Some limitations of this study warrant consideration. First, due to a relatively limited sample size, our study had modest statistical power to identify functional rare variants that have weak influences on VTE risk. Second, not all nonsynonymous variants will have an equal impact on protein function. Future studies in animal models may provide insights on the direct effects of these specific mutations on thrombosis. Third, we included all available samples from the cohorts in order to obtain a complete picture of the spectrum of mutations in the general population as well as to maximize precision in the analysis of the longitudinal data. However, an unbalanced case to non-case ratio can lead to inflated type I error rates in association analysis of rare variants [24]. To help alleviate this, we excluded genes with cumulative MAC < 40 in the gene-based analysis and observed a robust genome inflation factor and Q-Q plot. Furthermore, in the sensitivity analysis using SAIGE to control for an unbalanced case to non-case ratio [25], we observed consistent results for the association of VTE with the burden of PROC variants (p= 3.97 x 10−5 in the meta-analysis of ARIC and CHS EAs). Notably, in the analysis of extremely unbalanced case non-case data, SAIGE was observed to be somewhat conservative, corresponding to slightly less stringent empirical α levels than the conventionally used threshold for statistical significance [25]. Altogether, the genome inflation factor, Q-Q plot, and sensitivity analysis with SAIGE suggest that our PROC finding was unlikely to be a false positive finding due to the unbalanced case to non-case ratio.

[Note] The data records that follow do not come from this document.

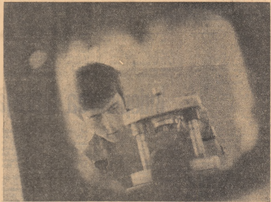
A face din meserie o adevărată artă, iată obiectivul perfecționării profesionale a fiecărui tînd muncitor
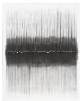
무제, 2015 한지에 과슈, 먹 162×130 cm
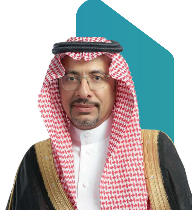
معالي وزير الصناعة والثروة المعدنية بندر بن إبراهيم الخريف
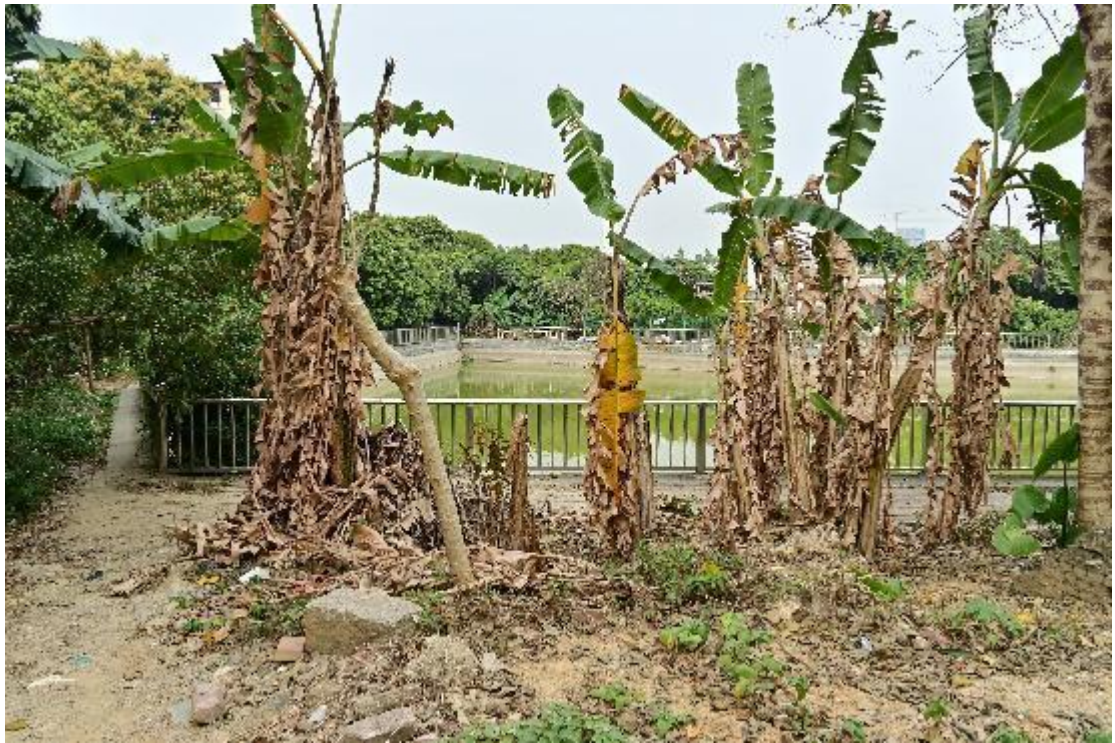
图 17 地块内现状（西南-东北）
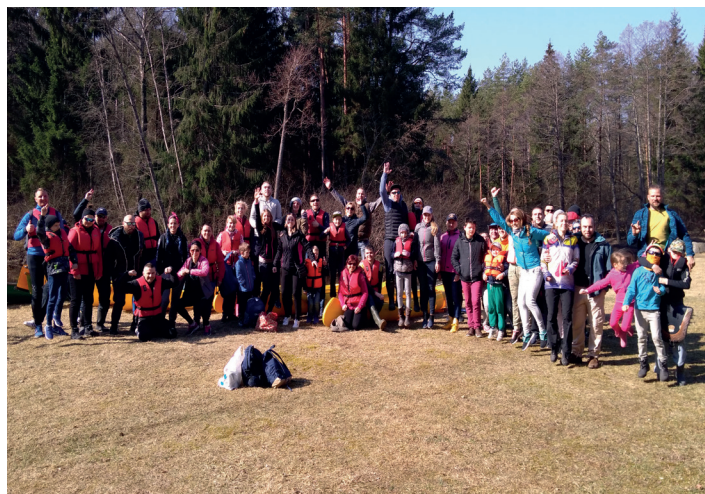
FOTO: NO LAIVU BRAUCIENA MISA I
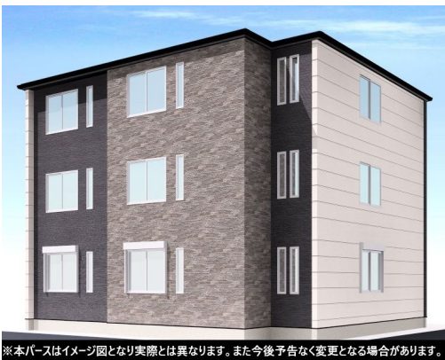
※本パースはイメージ図となり実際とは異なります。また今後予告なく変更となる場合があります。
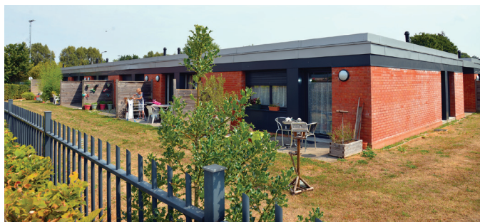
Proposer des logements adaptés à tous les âges de la vie, comme cette résidence pour aînés, dans le cadre du parcours résidentiel.
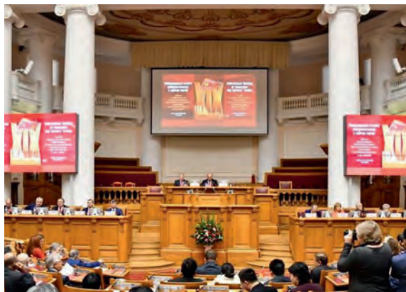
Международная встреча по случаю 100-летия Октября в Таврическом дворце Петербурга
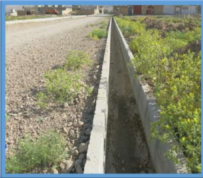
اجرای جدولگذاری خیابان منشعب از بلوار سرداران
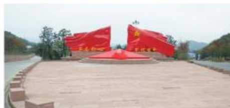
遵义苟坝红色文化旅游创新区建设项目
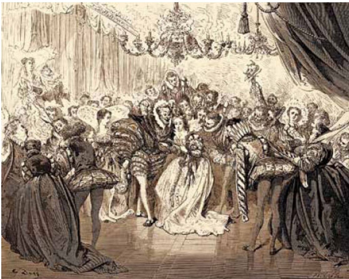
«Золушка», илл. Гюстава Доре

Хочется сказать: это и были те сказки Перро, которые мы сейчас знаем. Нет. Не совсем. Тексты, записанные сыном, стали для отца только отправной точкой для работы. Даже после того, как обработанные сказки были преподнесены принцессе, Перро продолжал их переделывать.
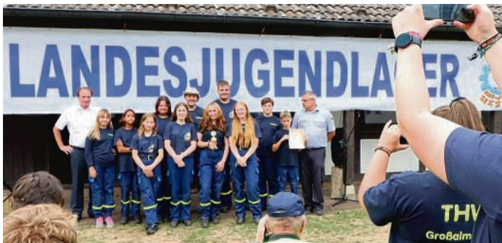
Auf dem zweiten Platz ist ein Team aus Nordhessen: Die Jugendgruppen vom THW Witzenhausen und Großalmerode traten zusammen an.

Knapp dahinter landeten zwei nordhessische Verbände: Die Jugendgruppen Witzenhausen und Großalmerode aus dem Werra-Meißner-Kreis hatten sich gemeinsam auf den Wettkampf vorbereitet und als Team teilgenom-
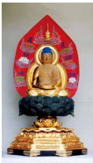
文化財に指定された栄福寺所有の木造釈迦如来坐像

▽日時 11月24日(土) 午後1時〜(約2時間) ▽場所 栄福寺 ▽定員 50人(先着順) ▽参加費 500円 ▽申込方法 社会教育課に電話でお申込みください。 ▽社会教育課 ☎43・5232

In conclusion, using a deep whole-exome sequencing approach, we observed that incident VTE cases from two community-based EA cohorts had an excess of rare coding variants in PROC compared to non-cases. The burden of rare PROC coding variants was also associated with lower plasma levels of protein C and higher D-dimer and explained an important part of the association between low protein C and VTE risk. Data from our study suggests that large-scale and deep whole-exome or whole-genome sequencing efforts will detect genetic influences from rare variants among VTE patients ascertained from the general population.
Supplementary Material
Table S1. Top T1 burden test results with subthreshold signals at p<0.0005 in the EAs of our study.

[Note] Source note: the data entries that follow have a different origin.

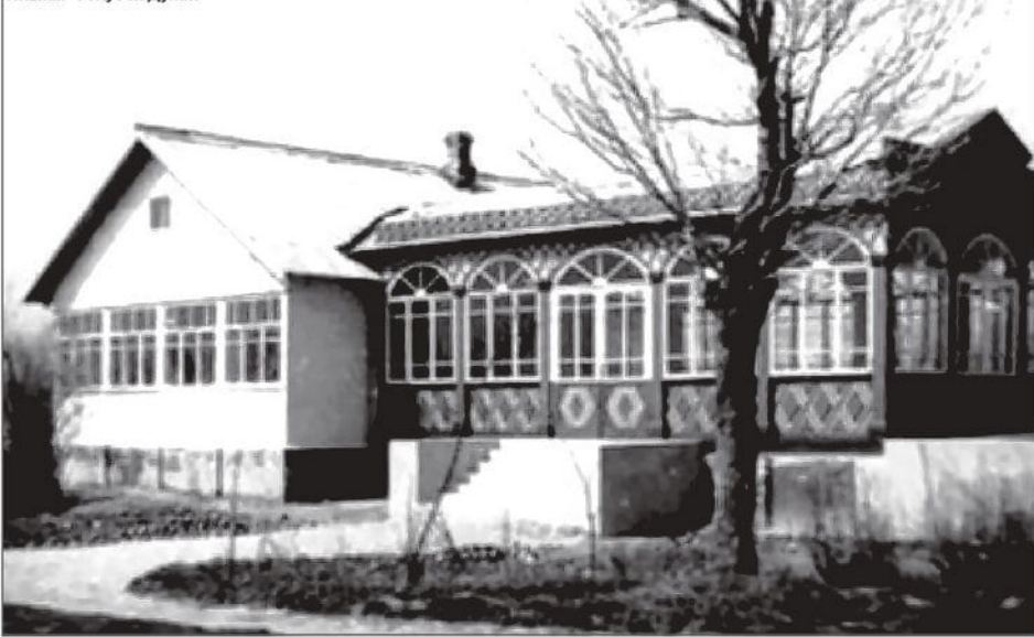
Пивная «Голубой Дунай»

ров убивали редко: 1951 год - 4 погибших, 1952 - 5. Каждая гибель расценивалась как ЧП. На место трагедии выехали лучшие сотрудники, однако группа вернулась «пустой»: никаких зацепок.
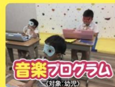
音楽プログラム (対象: 幼児)

「走る」「跳ぶ」「投げる」「蹴る」などの基本的な動きをバランスよく組み入れ、「体の力」を育てます。
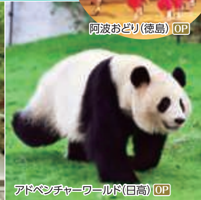
アドベンチャーワールド(日高) OP
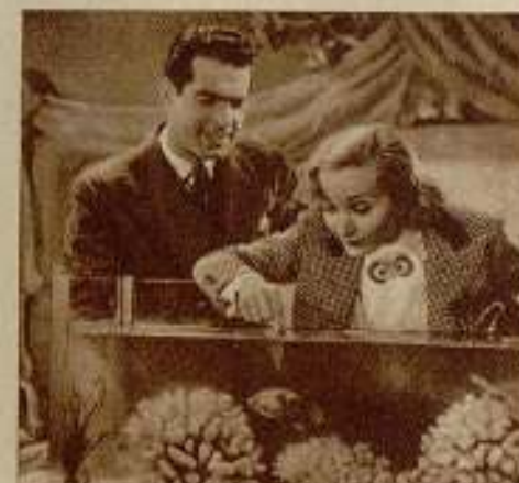
Una escena de «Concertina» con Carole Lombard y Fred Mac Murray
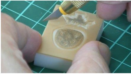
まずは簡単なイチゴのはんこ
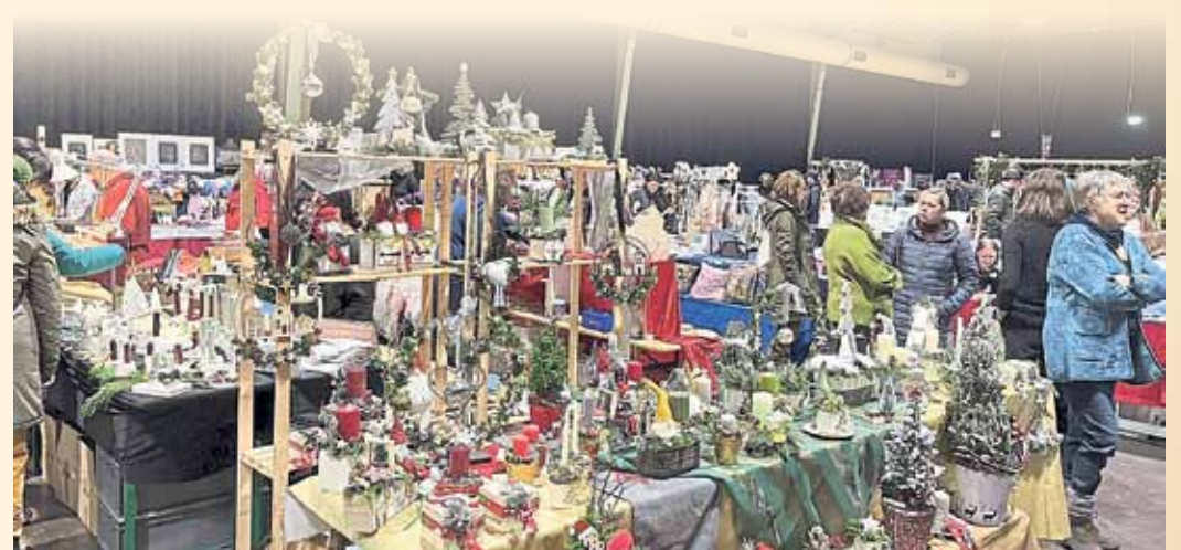
Wer auf der Suche nach weihnachtlichen Dekorationsartikeln war, wurde beim Weihnachtsmarkt in der Wagenhalle fündig.

Table S2. PROC rare coding variants identified in the EAs (Data sheet 1) and AAs (Data sheet 2) of our study, their presence in the Human Gene Mutation Database (HGMD) and Clinvar database, and possible impact on the structure and function of protein C predicted by SIFT, PolyPhen HDIV, and PolyPhen HVAR.
Essentials.
The role of rare coding variants in venous thromboembolism in the general population is unclear.
We conducted a whole-exome sequencing study for venous thromboembolism in population-based cohorts.

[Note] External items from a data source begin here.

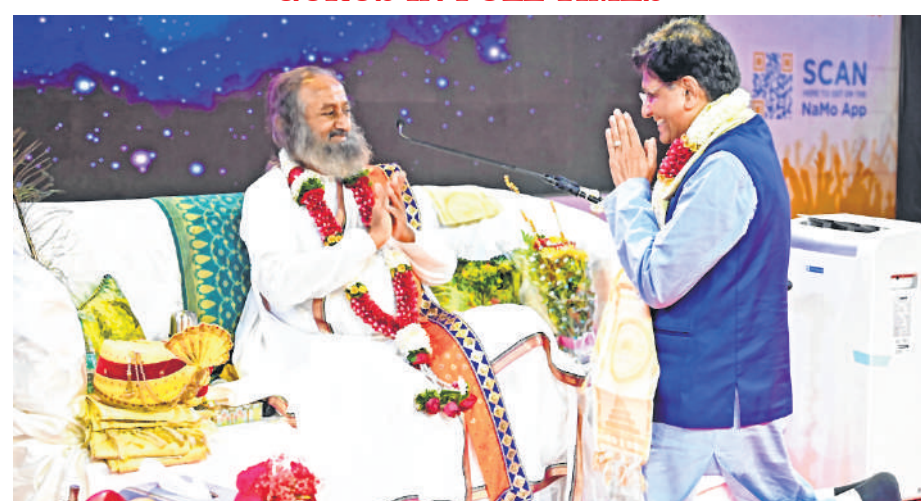
Union Minister of Commerce and Industry Piyush Goyal exchanges greetings with spiritual leader Sri Sri Ravi Shankar during an evening of music and meditation at Viksit Bharat Ambassadors’ event, in Mumbai, on Friday.
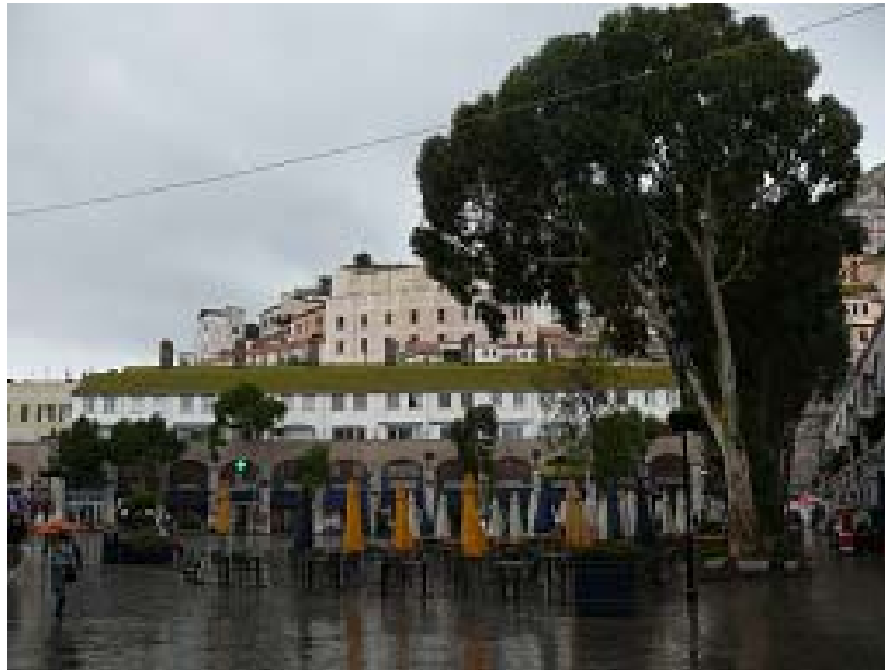
Nach der Besichtigung der Tunnel schaue ich mir auch die Stadt an.
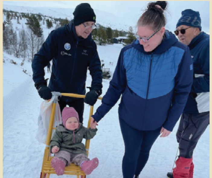
Eldste og yngste deltaker i Rossbu kapell i mars.
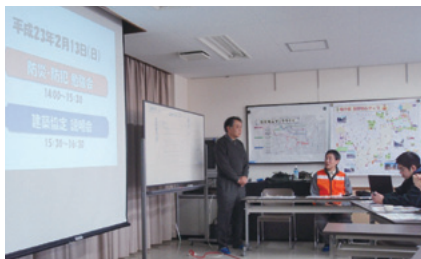
防災啓発の勉強会

緑区鳴子町に居住する近隣住民で構成するグループであり、当初は「まちづくりを話し合う会」という名のもとに、平成19年12月に活動をスタートしました。それまで面識がなかった近隣住民が話し合う場ができたことを契機として、自然な流れの中で、徐々に仲間が増えてきました。
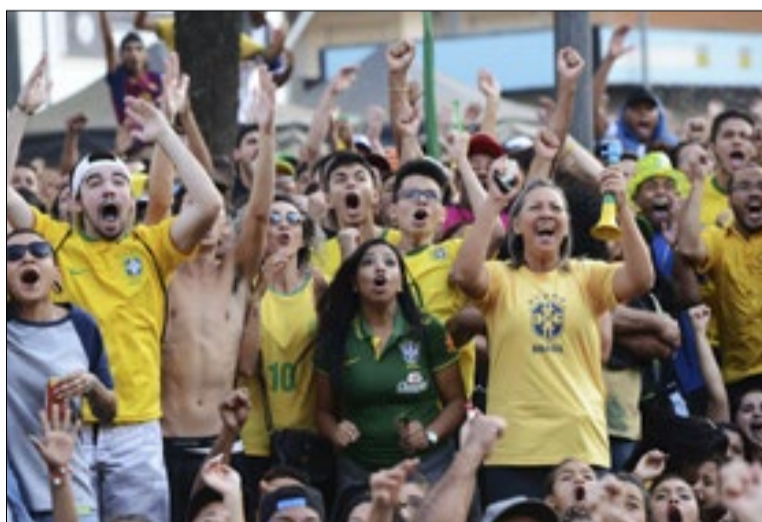
Carlos Bassan/Prefeitura de Campinas

A proposta é oferecer um ambiente preparado para que moradores da cidade e da região possam acompanhar os jogos da Seleção Brasileira com conforto, segurança e atrações para toda a família.
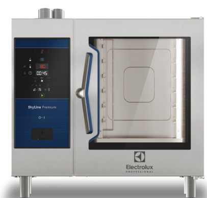
Pećnica SkyLine Premium 6 GN 1/1 električna

Nezaobilazna visokoučinkovita kombinirana pećnica za kuhinje s velikim radnim opterećenjem. Jedini uređaj na tržištu koji je opremljen digitalnim kontrolnim panelom i senzorom Lambda jamči vam iznimno precizno napredno upravljanje u stvarnom vremenu.
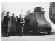
Els president Azaña i Companys inspeccionant una mostra de material bèl·lic S/d 30 x 40 cm
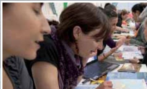
Jóvenes en la edición de Candinamia 2011.

voluntaria". Candinamia 2011 ha contado este año con

Rare coding variants in PROC aggregately associated with the risk of venous thromboembolism.
Carriers of the PROC rare variants had lower plasma protein C and higher D-dimer than non-carriers.
Acknowledgements
The National Heart, Lung, and Blood Institute (NHLBI) provided support for LITE via R01 HL059367. This work was carried out in part using computing resources at the University of Minnesota Supercomputing Institute.
Funding support for “Building on GWAS for NHLBI-diseases: the U.S. CHARGE consortium” was provided by the NIH through the American Recovery and Reinvestment Act of 2009 (ARRA) (5RC2HL102419). Data for “Building on GWAS for NHLBI-diseases: the U.S. CHARGE consortium” was provided by Eric Boerwinkle on behalf of the Atherosclerosis Risk in Communities (ARIC) Study and Bruce Psaty, principal investigator for the Cardiovascular Health Study (CHS). Sequencing was carried out at the Baylor Genome Center (U54 HG003273).
The Atherosclerosis Risk in Communities study has been funded in whole or in part with Federal funds from the NHLBI, National Institutes of Health, Department of Health and Human Services (contract numbers HHSN268201700001I, HHSN268201700002I, HHSN268201700003I, HHSN268201700004I and HHSN268201700005I). The authors thank the staff and participants of the ARIC study for their important contributions.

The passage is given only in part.